The study of brain asymmetry, or hemisphericity, has a long history in the behavioural and biomedical sciences but is probably one of the most controversial concepts in functional neurology today. The fact that the human brain is asymmetric is fairly well established in the literature (Geschwind & Levitsky 1968; LeMay & Culebras 1972; Galaburda et al. 1978; Falk et al. 1991; Steinmetz et al. 1991). The exact relationship between this asymmetric design and the functional control exerted by each remains controversial.

The concept of hemispheric asymmetry, or lateralisation, involves the assumption that the two hemispheres of the brain control different aspects of a diverse array of functions and that the hemispheres can function at two different activation levels. The level at which each hemisphere functions is dependent on the central integrative state (CIS) of each hemisphere, which is determined to a large extent by the afferent stimulation it receives from the periphery as well as nutrient and oxygen supply. The afferent stimulation is gated through the brainstem and thalamus, both of which are asymmetric structures themselves, and indirectly modulated by their respective ipsilateral cortices.

Traditionally, the concepts of hemisphericity were applied to the processing of language and visuospatial stimuli. Today, the concept of hemisphericity has developed into a more elaborate theory that involves cortical asymmetric modulation of such diverse constructs as approach versus withdrawal behaviour, maintenance versus interruption of ongoing activity, tonic versus phasic aspects of behaviour, positive versus negative emotional valence, asymmetric control of the autonomic nervous system, and asymmetric modulation of sensory perception, cognitive, attentional, learning, and emotional processes (Davidson & Hugdahl, 1995).

The cortical hemispheres are not the only right- and left-sided structures. The thalamus, amygdala, hippocampus, caudate, basal ganglia, substantia nigra, red nucleus, the cerebellum, brainstem nuclei, and peripheral nervous system all exist as bilateral structures with the potential for asymmetric function.

Hemisphericity does not relate strictly to the handedness of the patient and there is poor correlation between handedness and eyedness – another measure of hemisphere-specific dominance. Classic symptoms of decreased left hemisphericity include depression and dyslexia, while decreased right hemisphericity can present with attention deficits and behavioural disorders. A variety of brain functions have been attributed to the right or left hemisphere; see Table 9.2. Autonomic asymmetries are an important indicator of cortical asymmetry as this reflects fuel delivery to the brain and the integrity of excitatory and inhibitory influences on sympathetic and parasympathetic function.

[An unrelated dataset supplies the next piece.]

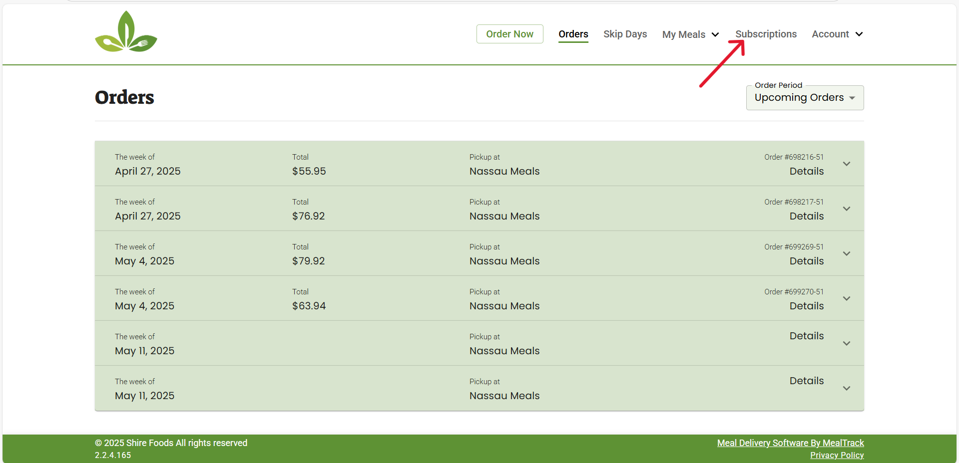 3. You may now edit your subscription in the following ways:You can add meals to your order by clicking on the "+" button.
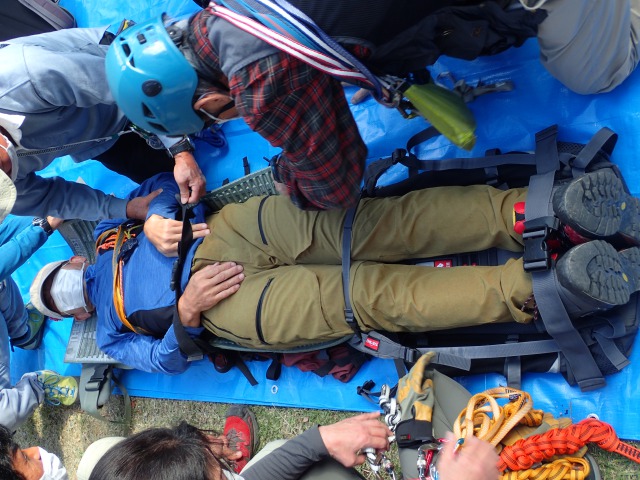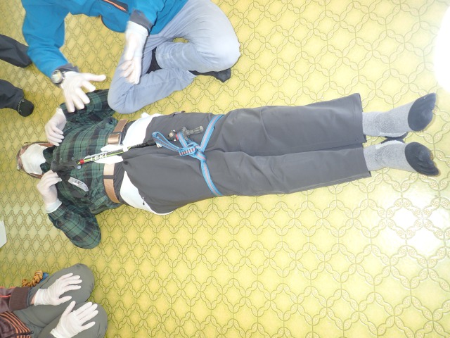 ザックを複数組み合わせてのザック担架搬送の事故者固定を練習

Large projections from each hemisphere project to the ipsilateral PMRF with smaller projections to the mesencephalic RF. Therefore, other signs of altered PMRF or mesencephalic CIS may indicate hemisphericity. During tests of cerebellar function, slowness of movement in a limb (rather than breakdown of reciprocal actions) will often represent a decrease in cortical function – rather than a cerebellar cause. Of course, the two problems may coexist because of diaschisis occurring in hemisphericity. Therefore, cortical hemisphericity is often dependent on the presence of a series of findings related to subcortical output, fuel delivery, cognition, mood, and behaviour.

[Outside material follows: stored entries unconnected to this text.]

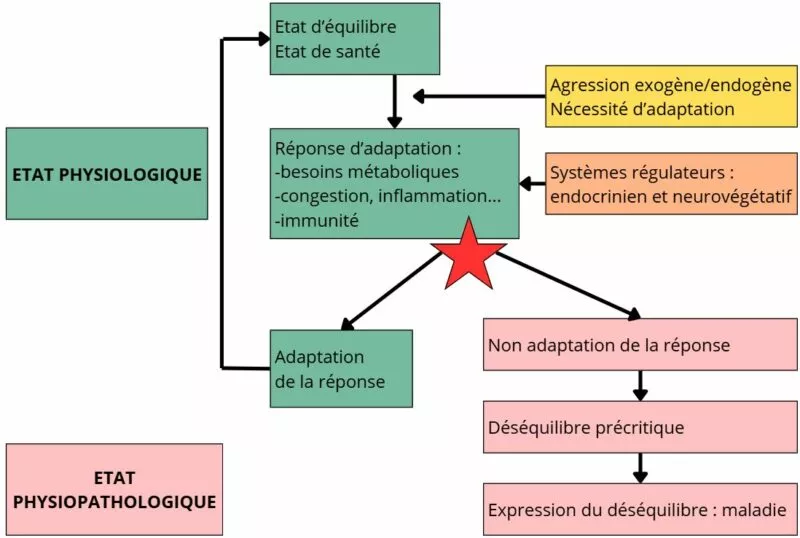 Soit la régulation neuroendocrinienne n’est pas satisfaisante dans la réponse dynamique adaptative et ne permet pas de fournir les éléments métabolique nécessaires quantitativement, qualitativement et/ou chronologiquement, et/ou ne permet pas un retour à l’état d’équilibre premier. Cette non-adaptation de la réponse physiologique fera alors basculer l’organisme dans un état physiopathologique avec la mise en place d’un état précritique, faisant le lit de la maladie. La maladie n’est alors que le bout de la chaîne exprimant ce déséquilibre inducteur. De ce fait, le véritable traitement étiologique, répondant à une réflexion physiologique intégrative et endobiogénique, se situera au point de bascule névralgique qui permettra à l’organisme de rester dans une réponse physiologique adaptative ou de basculer dans la physiopathologie et à terme dans la maladie.
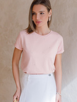 Футболка выполнена из премиального хлопка с эластаном. Лаконичный принт выполнен россыпью сияющих страз в тон изделия. Модель среднего объема дополнена подворотами на рукавах. Подходит для любого типа фигуры. Изделие дополнено металлическим логотипом бренда.
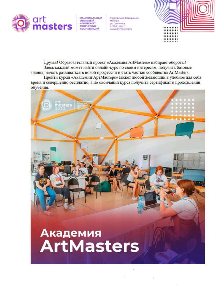 Автономная некоммерческая организация Национальный открытый чемпионат творческих компетенций “АртМастерс (МАСТЕРА ИСКУССТВ)” реализует образовательные мероприятия для школьников 14-17 лет и молодежи 18-35 лет.
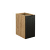 Ši spintelė, su juoda matinė danga ir aliejuoto ąžuolo akcentais, puikiai dera su įvairiais interjero stiliais. Jos korpusas pagamintas naudojant aukštos kokybės laminuotą medžiagą, todėl užtikrina ilgaamžiškumą ir patvarumą, net ir esant drėgnoms vonios sąlygoms.

Table 9.2 Brain functions per hemisphere

The cortex stimulates the activation of a variety of areas of the PMRF that result in the inhibition of intermediolateral (IML) neurons that are the presynaptic neurons of sympathetic function. The projections from the cortex to the PMRF are ipsilateral for the most part and thus asymmetrical inhibition patterns that can be detected clinically can develop. For example, the artery to venous ratio (A:V ratio) of retinal vessels may be different from eye to eye, indicating asymmetrical sympathetic activation. Changes in heart rate versus heart rhythm may indicate asymmetrical activation of the sympathetic or parasympathetic systems.